A visualization of the linear approximation of a point using a basis function at scale j, the approximation at a finer scale j+1 and difference operator (geometric wavelet) from scale j to scale \(j+1\). This image was taken from [1].

As seen in Fig. 2, the linear approximation, called the scaling function fit to each group can be queried by starting at scale 0 (the roughest scale), getting the approximation for the query at that scale, and then applying the difference operator (wavelet correction) to get the approximation at the next scale (finer scale). Since each level of the tree represents the decomposition of the point cloud at a scale, by walking from the root to the child at the appropriate level, GMRA produces low-dimensional embeddings for each point at arbitrary scales.

By using GMRA as a preprocessing technique, we provide our complex-valued ANNs with low-dimensional representations of the data which are tailored to the embedded manifold.

3 Methodology

3.1 Complex-Valued Model

Our model builds on the work from Reichert et al.; they define the forward pass of their complex-valued ANN layer using the following equations [13]:

$$\begin{aligned} t_1 =\,&(|X| \times W) \end{aligned}$$
(1)
$$\begin{aligned} t_2 =\,&|X \times W| \end{aligned}$$
(2)
$$\begin{aligned} O =\,&\mathcal {F}(r_1*t_1 + r_2*t_2) \end{aligned}$$
(3)

where \(X \in \mathbb {C}^{N \times M}\), \(W \in \mathbb {R}^{M \times P}\), N is the batch size, M is the dimensionality of the data, and P is the dimensionality of the output of the layer. O is a \(N \times P\) output of the layer and is derived via a weighted combination (with coefficients \(r_1, r_2\) typically set to 0.5 each) passed through non-linearity \(\mathcal {F}\).

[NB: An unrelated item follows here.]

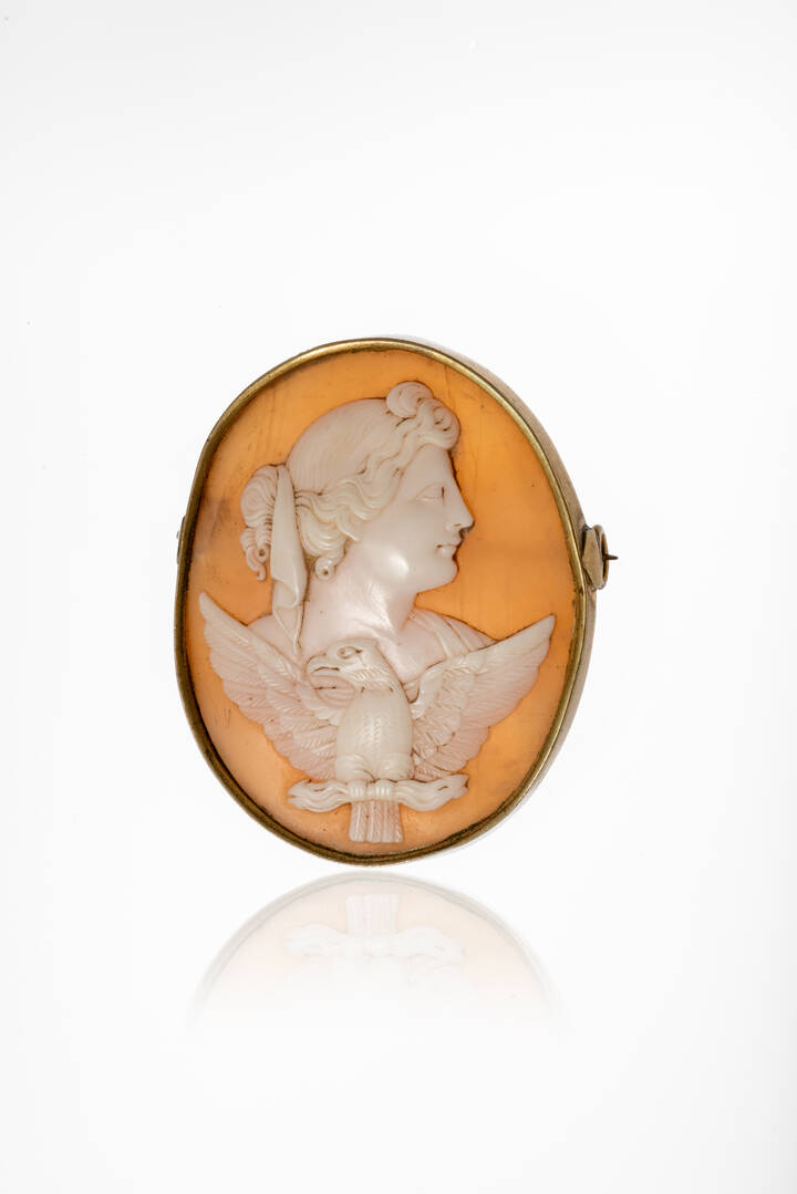 con grande cammeo raffigurante donna di profilo e al centro un'aquila. Montatura in metallo dorato. XIX secolo.

The order of the operations in Expression (1) produces values which are invariant to any phase offsets between inputs and their respective weights; the magnitude of values with opposing phase values are not cancelled, but summed. Expression (2) is the opposite: by performing \(X \times W\), any vectors with opposing phases conflict with each other in the multiplication, meaning that \(t_2\) contains the timing information between inputs while \(t_1\) contains the magnitude of the transformed inputs. By sharing weight matrices between the two operations, Reichert et al.’s model learns how to process the timing between input firings as well as the magnitude of the inputs firings. With this formulation, Reichert et al. were able to reproduce the observations in Fig. 1 using their ANN.

Our model attempts to improve this idea. While Reichert et al. define their input to be complex-valued and their free parameters to be real-valued, we define the opposite: \(X\in \mathbb {R}^{N \times M}, W\in \mathbb {C}^{M \times P}\), and a bias term \(b\in \mathbb {R}^{P \times 1}\). Our forward pass, while different, follows the same spirit:

$$\begin{aligned} t_1 =\,&(X \times |W|) \end{aligned}$$
(4)
$$\begin{aligned} t_2 =\,&|X \times W| \end{aligned}$$
(5)
$$\begin{aligned} O =\,&\mathcal {F}(r_1*t_1+ r_2*t_2 + b) \end{aligned}$$
(6)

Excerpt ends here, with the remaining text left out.